*Work required*.
Omit all pictures and give the records below again exactly as written.

*Data section*.
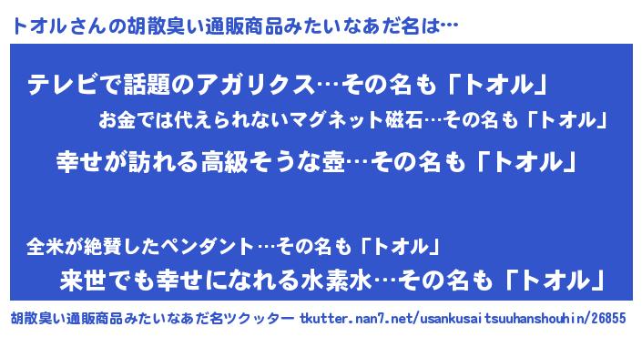 | 意味不明あだ名 | 『トオルフォーエバー』『自称トオル』 |
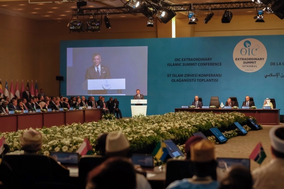 His Majesty King Abdullah II delivers a keynote speech at the opening session of the Organisation of Islamic Cooperation’s Extraordinary Summit in Istanbul
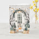 Esta divertida tarjeta temática de Halloween incluye una corbata sentada en el corredor con un truco o una calabaza en su boca. El porche está decorado para Halloween con calabazas y una pancarta negra y naranja. En el interior aparece un texto que dice "primero hago trucos, luego recibo trucos". Puede personalizar con un nombre.
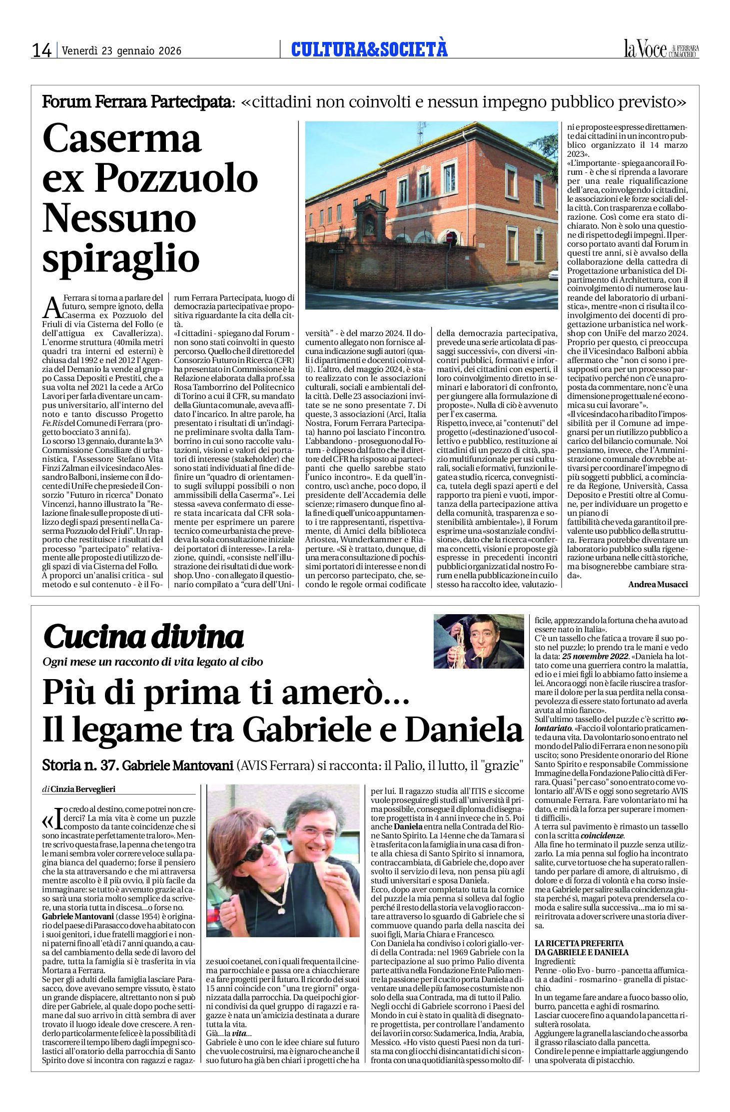 Lo scorso 13 gennaio, durante la 3 Commissione Consiliare di urbanistica, l’Assessore Stefano Vita Finzi Zalman e il vicesindaco Alessandro Balboni, insieme con il docente di UniFe che presiede il Consorzio “Futuro in ricerca” Donato Vincenzi, hanno illustrato la “Relazione finale sulle proposte di utilizzo degli spazi presenti nella Caserma Pozzuolo del Friuli”. Un rapporto che restituisce i risultati del processo “partecipato” relativamente alle proposte di utilizzo degli spazi di via Cisterna del Follo.
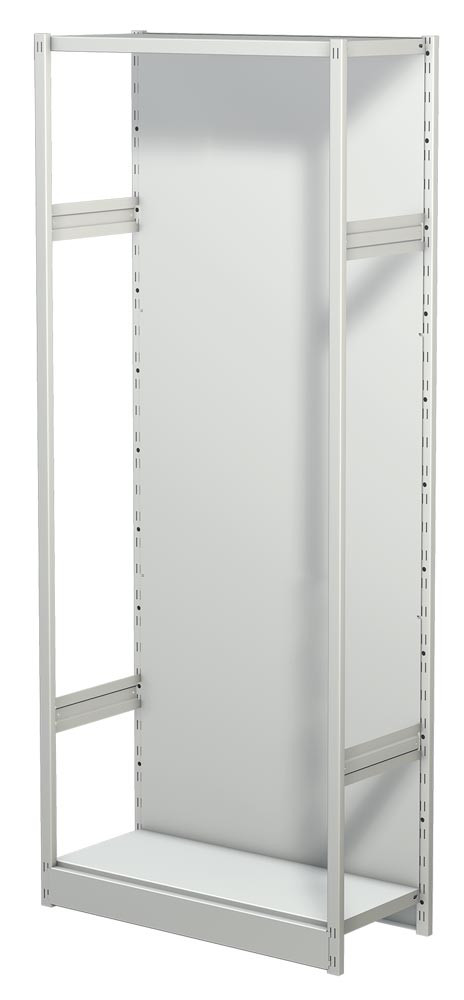∙ Optimale Raumausnutzung ∙ Fachböden 30 mm stark, im Raster von 59 mm höhenverstellbar ∙ Regalpfosten aus Kastenprofilen mit glatten Fronten ∙ Serienmäßig mit bodenbündiger Sockelblende ∙ Mit zusätzlichen Fachböden, Fachteilern, Seiten- und Trennstegen und Pendelhefterschienen individuell auszustatten ∙ Türen-Anbausätze, Seitenblenden und Zwischenwände ermöglichen die problemlose Integration von Schrankelementen ∙ Hochwertige Pulverbeschichtung in RAL 7035 lichtgrau

*Solution for this exercise*.
 | 意味不明あだ名 | 『トオルフォーエバー』『自称トオル』 |
 His Majesty King Abdullah II delivers a keynote speech at the opening session of the Organisation of Islamic Cooperation’s Extraordinary Summit in Istanbul
 Esta divertida tarjeta temática de Halloween incluye una corbata sentada en el corredor con un truco o una calabaza en su boca. El porche está decorado para Halloween con calabazas y una pancarta negra y naranja. En el interior aparece un texto que dice "primero hago trucos, luego recibo trucos". Puede personalizar con un nombre.
 Lo scorso 13 gennaio, durante la 3 Commissione Consiliare di urbanistica, l’Assessore Stefano Vita Finzi Zalman e il vicesindaco Alessandro Balboni, insieme con il docente di UniFe che presiede il Consorzio “Futuro in ricerca” Donato Vincenzi, hanno illustrato la “Relazione finale sulle proposte di utilizzo degli spazi presenti nella Caserma Pozzuolo del Friuli”. Un rapporto che restituisce i risultati del processo “partecipato” relativamente alle proposte di utilizzo degli spazi di via Cisterna del Follo.
∙ Optimale Raumausnutzung ∙ Fachböden 30 mm stark, im Raster von 59 mm höhenverstellbar ∙ Regalpfosten aus Kastenprofilen mit glatten Fronten ∙ Serienmäßig mit bodenbündiger Sockelblende ∙ Mit zusätzlichen Fachböden, Fachteilern, Seiten- und Trennstegen und Pendelhefterschienen individuell auszustatten ∙ Türen-Anbausätze, Seitenblenden und Zwischenwände ermöglichen die problemlose Integration von Schrankelementen ∙ Hochwertige Pulverbeschichtung in RAL 7035 lichtgrau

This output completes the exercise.